Greenspan: Why Is Anyone Still Listening to This Partisan Hack?
Dave Lindorff
March 2, '05
http://www.thiscantbehappening.net
Any Democrat who still offers praise for Alan Greenspan after his latest propaganda supporting the Bush attack on Social Security should be dumped by the party and voters alike.
Greenspan has always been a Republican agent at the Federal Reserve, even in the Clinton years, but his support for private Social Security funds, and his latest warning that cuts in benefits for retirees need to be considered are both scientifically unjustified and unsupported, and politically craven, especially coming from a man who himself is already collecting the maximum Social Security benefit and who stands to walk away with a $100,000/year federal pension on top of that when he finally retires as Reserve Board chairman.

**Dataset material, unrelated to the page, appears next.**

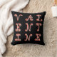 Un oreiller noir accrocheur avec le mot "Valentine" divisé sur trois lignes en lettres ondulées. La typographie élégante et ornée aura certainement un impact, avec son look romantique moderne et remarquable. L'envers du coussin est noir.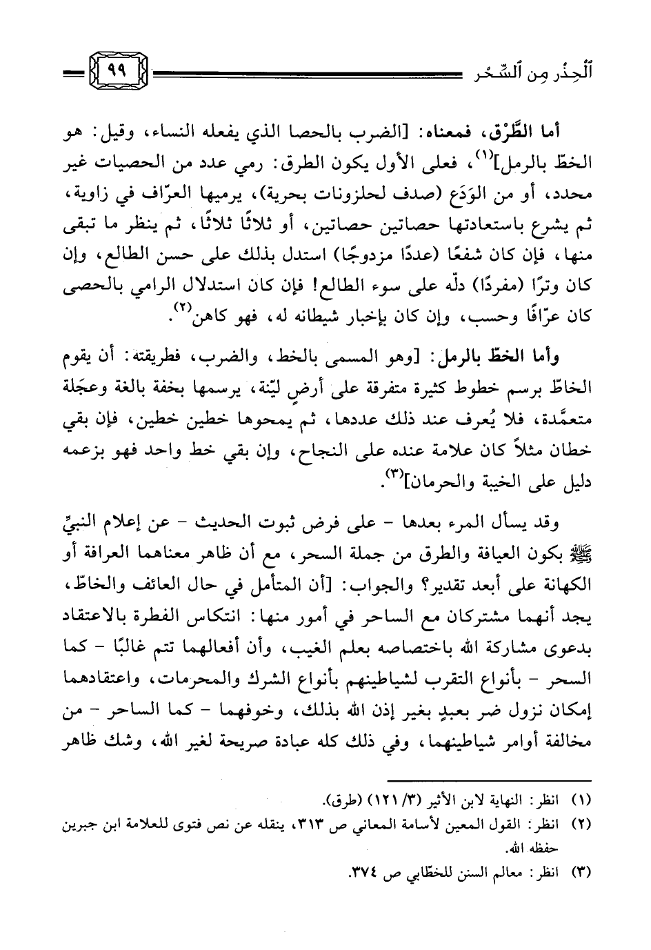 أخي القارئ، أقتصر على ذكر هذه المصطلحات الإحدى عشر، علمًا أن ما يتعلق بأمر السحر من ألفاظ يتداولها أهلها ويخطّونها في مصنفاتهم لا تكاد تنحصر، لكن أردت بيان ما اشتهر منها، كما سأبين - إن شاء الله - في الفصل التالي - أنواع علوم متعلقة بالسحر، تفنى أعمار أهل الشر في تلقيها وإتقانها والعمل بها قد سمَّوْها - زورًا - علومًا عُلْوية روحانية، وأسرارًا مكتومة لَدُنِّية!!

Democrats in Congress have largely gone along with the charade that the reserve board chairman is above politics and that his deliberately chimerical statements on interest rates and fiscal and monetary policy are received wisdom.
In fact, Greenspan contributed mightily to the collapse of the stock market following the popping of the Internet bubble, by failing to act to limit stock speculation in the mid and late 1990s--something he could have easily done without even touching interest rates, by simply increasing margin requirements on investors.
His pronouncements on the financial stability of the Social Security system are no more prescient or sound than his economic forecasting skills, which have been repeatedly found wanting.
It is probably worth remembering that when Greenspan left his private career as owner of a pension management firm, Townsend Greenspan, and went into government service, he left a company run into the ground because of his poor investment advice and market forecasting abilities. By the time he left, Townsend Greenspan had lost all its clients, who had all sought more capable advisers with better records.
American workers should remember all this when they read news reports quoting Greenspan as saying that the Social Security system cannot be expected to pay promised benefits to future retirees.